К счастью, меня заблаговременно предупредила обо всём одна из служанок управляющего, с которой я поддерживал довольно близкие отношения, считая, что, может быть, впоследствии мне это пригодится. Девушка рассказала, что к управляющему прискакал какой-то незнакомец. Лошадь его была вся в мыле, и вид у него был взволнованный — по-видимому, он очень спешил. Он настойчиво потребовал, чтобы его немедленно провели к мистеру Мартину. Когда управляющий вышел к нему, неизвестный выразил желание поговорить с ним с глазу на глаз. Мистер Мартин провёл приезжего в другую комнату, где они и заперлись.

Девушка эта постоянно осведомляла меня обо всём; простодушная на вид, она в действительности была очень сообразительной и ловкой. Она решила подслушать этот таинственный разговор, движимая одновременно и любопытством и мыслью о том, что, может быть, услышит что-нибудь, что окажется полезным для меня. Ей удалось спрятаться в каморке, отделённой только тоненькой перегородкой от комнаты, где управляющий беседовал со своим посетителем. Таким образом она узнала всё то, о чём я уже рассказал. Ей, кроме того, стало также известно, что завтра суд снова соберётся в Лузахачи, и она поспешила предупредить меня об этом.

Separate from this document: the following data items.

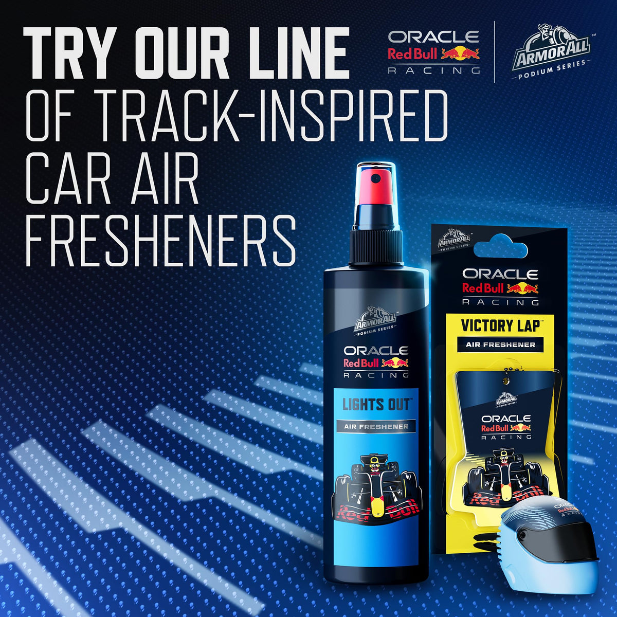 Bring the thrill of the track to your ride with the Armor All Podium Series All Access Pass Hanging Car Air Freshener in Lights Out scent. This premium racing-inspired car air freshener features a convenient lanyard for easy hanging from your rearview mirror. The Lights Out scent blends warm woods and leather with notes of lemon verbena and patchouli to create a rich, dynamic car fragrance that lasts lap after lap. Each auto air freshener keeps your cars interior smelling fresh for up to 40 days.* Engineered for exceptional results, Armor All Podium Series car air fresheners are part of a collaboration between Armor All and Oracle Red Bull Racing. In addition to the All Access Pass, our hanging car air fresheners are also available in other track-inspired shapes, such as a car and a helmet. Elevate your cars interior with the Armor All Podium Series Hanging Air Freshener. (*Under ambient conditions)
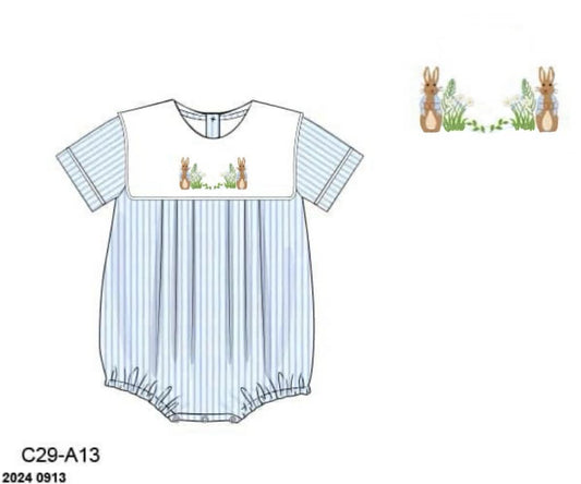 RTS: Bunny Crest- Boys Woven Bubble (No Monogram)
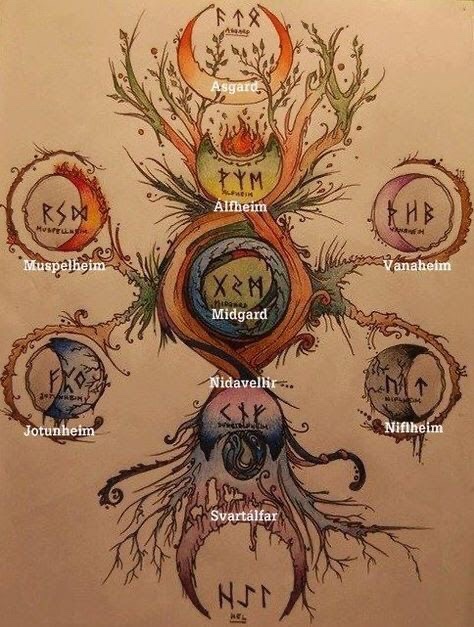 Living beneath its three roots are men, frost giants, and the dead in Hel’s realm. According to one tradition, one of its roots leads to the world of the Æsir in the sky. This is where the springs of Urðr (a Norn), Mímir (a giant), and Hvergelmir (the source of all rivers) are located. The dragon Niðhöggr also lives here. The second root goes to Jötunheimr, the world of the giants, and the third to Niflheimr, the world of the dead.

В свою очередь, я обо всём сообщил Томасу. Мы сразу же сошлись на том, что единственное, что нам остаётся, — это бежать, и немедленно известили товарищей о нашем намерении и о том, чем оно вызвано. Они не колеблясь согласились отправиться вместе с нами, и мы решили двинуться в путь этой же ночью.

Как только наступил вечер, мы покинули плантацию и все вместе направились в сторону леса. Зная, что за нами будет предпринята погоня, мы решили разделиться на несколько небольших групп. Мы с Томасом захотели остаться вдвоём. Остальные двинулись по двое, по трое в разных направлениях. Пока было темно, мы старались идти вперёд как можно быстрее. Когда начало светать, мы укрылись в болотистых местах в чаще леса; наломав веток молодых деревцев, мы устроили из них подстилку посуше и улеглись на ней спать. Мы были утомлены долгой и быстрой ходьбой и спали очень крепко. Когда мы проснулись, было уже за полдень. Хотелось есть, но у нас не было с собой ничего съестного.

Мы сидели, раздумывая о том, что предпринять, как вдруг в отдалении раздался собачий лай. Томас несколько мгновений напряжённо прислушивался, а потом вдруг сказал, что знает, чей это лай, — что это лает знаменитая ищейка мистера Мартина. Управляющий долго её обучал и всегда гордился её подвигами при охоте на беглых. Мы находились на густо заросшем болоте. Здесь было трудно устоять на ногах и почти невозможно двигаться. Перейти болото было невозможно, и мы решили, что нам надо прежде всего выбраться из него куда-нибудь, где почва твёрже, а растительность не столь густа, и потом уже продолжать наш путь. Мы так и сделали, но лай всё приближался. Собака нагоняла нас. Томас вытащил из кармана хороший, остро отточенный нож. Мы как раз находились на откосе, над самым болотом. Оглянувшись, мы сквозь просветы между деревьями увидели собаку. Она бежала к нам, опустив голову и почти касаясь носом земли. Время от времени она разражалась свирепым лаем. Позади неё показался всадник. Мы сразу узнали его: это был сам мистер Мартин.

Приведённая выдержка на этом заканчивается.